You could be the greatest, most lovable person in the world, yet there is a high probability that you would have experienced rejection in some form or another. It happens to everyone. You could say it's a universal experience.
There Are Many Different Types of Rejection
A few examples:
A handsome young man is interested in courting a beautiful young woman and asks her out on a date, yet she rejects his invitation.
A researcher's manuscript is rejected for publication after undergoing a rigorous peer review.
A model applies for an upcoming winter fashion show but is rejected for reasons unknown.

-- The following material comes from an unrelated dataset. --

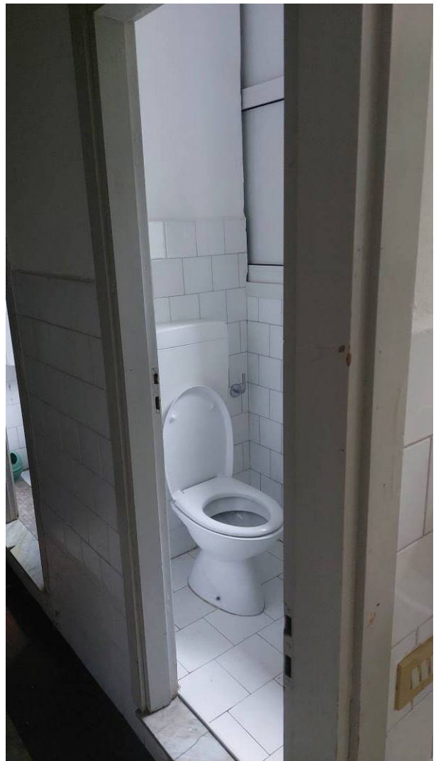
Servizi Igienici esistenti

All people experience rejection and a bruised ego at some point in their lives. Sometimes it is easy to deal with, other times it causes deep and ongoing emotional problems. The damage that rejection can leave with a person can grow, if that person doesn't deal with it effectively.
That can be the real heart of the problem. The issue and its subsequent emotional backwash needs to be objectively and comparatively reviewed, to provide relevance. This will allow the person to let go and move on. Their need for inner emotional strength is vital to their psychological growth and realignment.
However, this can be much easier said than done. Achieving the above requires a reasonable amount of emotional maturity, which results usually from life experience, unless the person is fortunate enough to have had a very supportive and emotionally educational upbringing. Most people don't have that luxury. When a rejection experience occurs at a vulnerable time, the effects can be long-lasting and deep.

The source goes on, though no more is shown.